Several options of the XMLUnit class affect validation.

More information is available in Section 4, “Validating XML Documents”.

2.2.3. XSLT Transformations

The Transform class provides an easy to use layer on top of JAXP's transformations. An instance of this class is initialized with the source document and a stylesheet and the result of the transformation can be retrieved as a String or DOM Document.

The output of Transform can be used as input to comparisons, validations, XPath tests and so on. There is no detailed sections on transformations since they are really only a different way to create input for the rest of XMLUnit's machinery. Examples can be found in Section 1.6, “Comparing XML Transformations”.

It is possible to provide a custom javax.xml.transform.URIResolver via the XMLUnit.setURIResolver method.

You can access the underlying XSLT transformer via XMLUnit.getTransformerFactory.

2.2.4. XPath Engine

The central piece of XMLUnit's XPath support is the XpathEngine interface. Currently two implementations of the interface exist, SimpleXpathEngine and org.custommonkey.xmlunit.jaxp13.Jaxp13XpathEngine.

SimpleXpathEngine is a very basic implementation that uses your XSLT transformer under the covers. This also means it will expose you to the bugs found in your transformer like the transformer claiming a stylesheet couldn't be compiled for very basic XPath expressions. This has been reported to be the case for JDK 1.5.

org.custommonkey.xmlunit.jaxp13.Jaxp13XpathEngine uses JAXP 1.3's javax.xml.xpath package and seems to work more reliable, stable and performant than SimpleXpathEngine.

You use the XMLUnit.newXpathEngine method to obtain an instance of the XpathEngine. As of XMLUnit 1.1 this will try to use JAXP 1.3 if it is available and fall back to SimpleXpathEngine.

Instances of XpathEngine can return the results of XPath queries either as DOM NodeList or plain Strings.

More information is available in Section 5, “XPath Tests”.

2.2.5. DOM Tree Walking

To test pieces of XML by traversing the DOM tree you use the NodeTester class. Each DOM Node will be passed to a NodeTester implementation you provide. The AbstractNodeTester class is provided as a NullObject Pattern base class for implementations of your own.

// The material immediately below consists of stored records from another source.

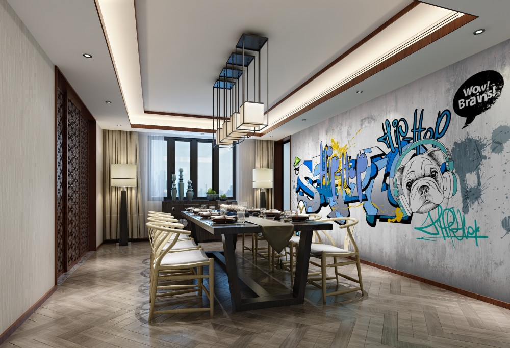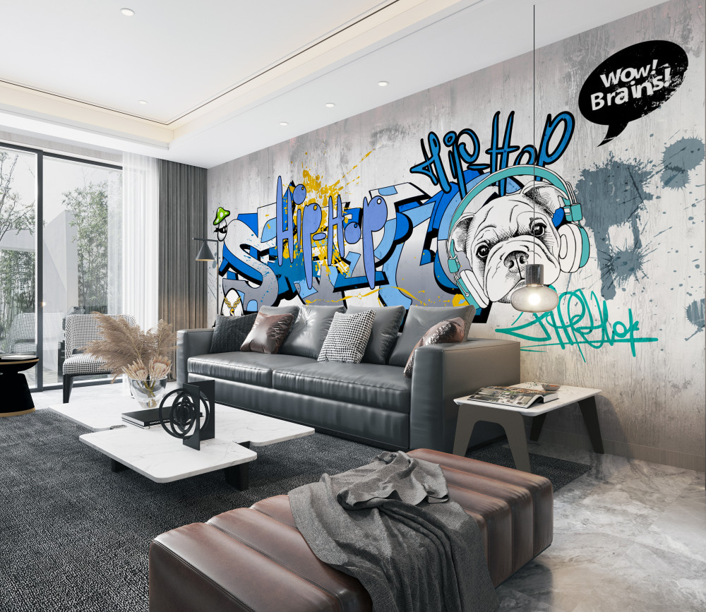 Tapeta Fototapeta pies z graffiti ze słuchawkami (artykuł a94298 ) z kategorii Fototapety Młodzieżowe
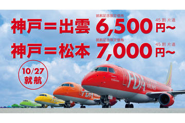 FDA、神戸~出雲線、神戸~松本線を10月27日就航。航空券を8月26日9時発売
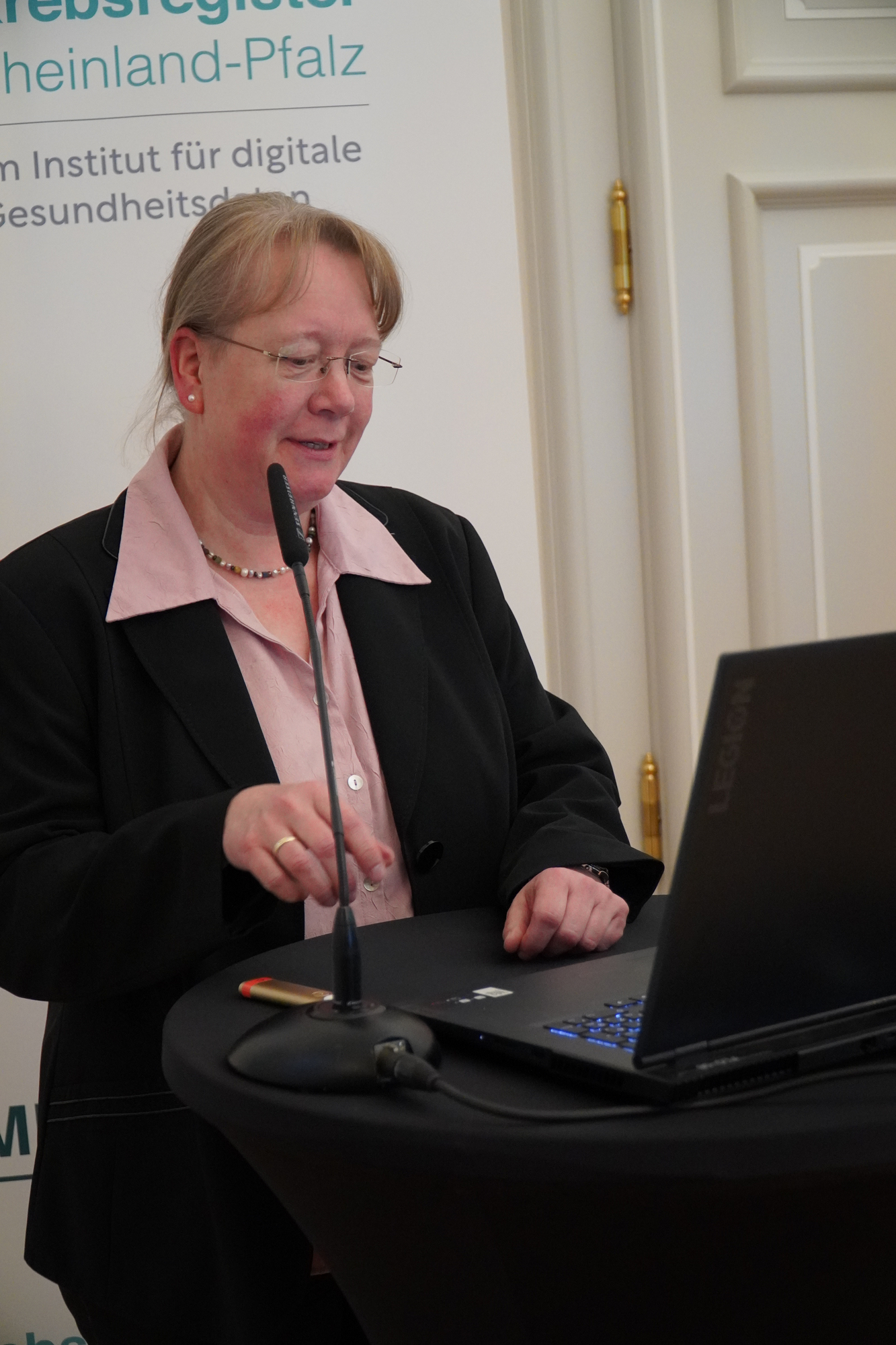 Nach der ersten lebhaften Podiumsdiskussion folgte nach einer kurzen Pause der Vortrag von Dr. Katja Schwarzer, Ärztliche Leiterin des IDG. Sie stellte das IDG insbesondere als Partner für Ärztinnen und Ärzte und medizinische Einrichtungen vor. Unter den vielfältigen Serviceangeboten finden sich beispielsweise ein Medizinischer Dokumentationsservice (MEDoServ), der die medizinischen Einrichtungen die Krebsregistermeldungen abnimmt oder bei der Vorbereitung von Tumorkonferenzen sowie bei Zertifizierungsaudits unterstützt. Außerdem bietet das IDG den Aufbau und Betrieb von medizinischen Registern an.

More information is available in Section 6, “DOM Tree Walking”.

2.3. Using XMLUnit With JUnit 3.x

Initially XMLUnit was tightly coupled to JUnit and the recommended approach was to write unit tests by inheriting from the XMLTestCase class. XMLTestCase provides a pretty long list of assert... methods that may simplify your interaction with XMLUnit's internals in many common cases.

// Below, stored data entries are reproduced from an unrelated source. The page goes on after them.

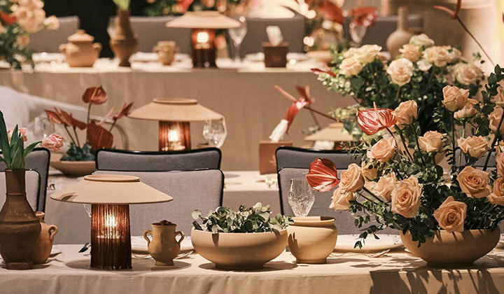 - تنسيق الزهور على المنصة بالإضافة إلى فازات من الفخار
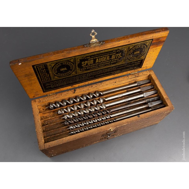A complete graduated set of 13 bits. All Jennings with different logos. All good user bits. All are bright, clean and sharp. Sizes 4 through 16 which correspond to 1/4 inch to 1 inch. The bits were patented in 1855. The three-tiered box was patented in 1890. They were bought out by Stanley in 1944. The best user auger bits ever made!
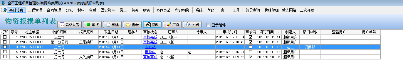 【物資報損單】是用來報損物資的業(yè)務單據(jù)。 類似【材料報損單】或者【設備報損單】,一個是針對物資報損,一個是針對材料或者設備報損。
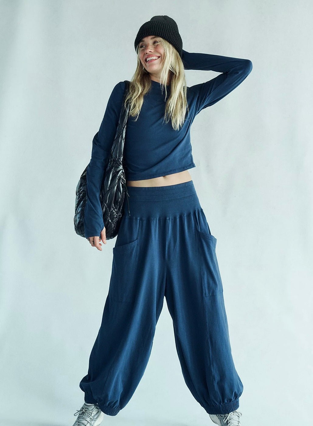 Take your effortless outfitting up a notch with this so cool set featuring a cropped, long sleeve top and coordinating harem-style pants for the easiest done-in-one look no matter the occasion.

The XMLAssert class provides the same set of assert...s as static methods. Use XMLAssert instead of XMLTestCase for your unit tests if you can't or don't want to inherit from XMLTestCase.

All power of XMLUnit is available whether you use XMLTestCase and/or XMLAssert or the underlying API directly. If you are using JUnit 3.x then using the specific classes may prove to be more convenient.

2.4. Common Configuration Options

2.4.1. JAXP

If you are using a JDK 1.4 or later, your Java class library already contains the required XML parsers and XSLT transformers. Still you may want to use a different parser/transformer than the one of your JDK - in particular since the versions shipping with some JDKs are known to contain serious bugs.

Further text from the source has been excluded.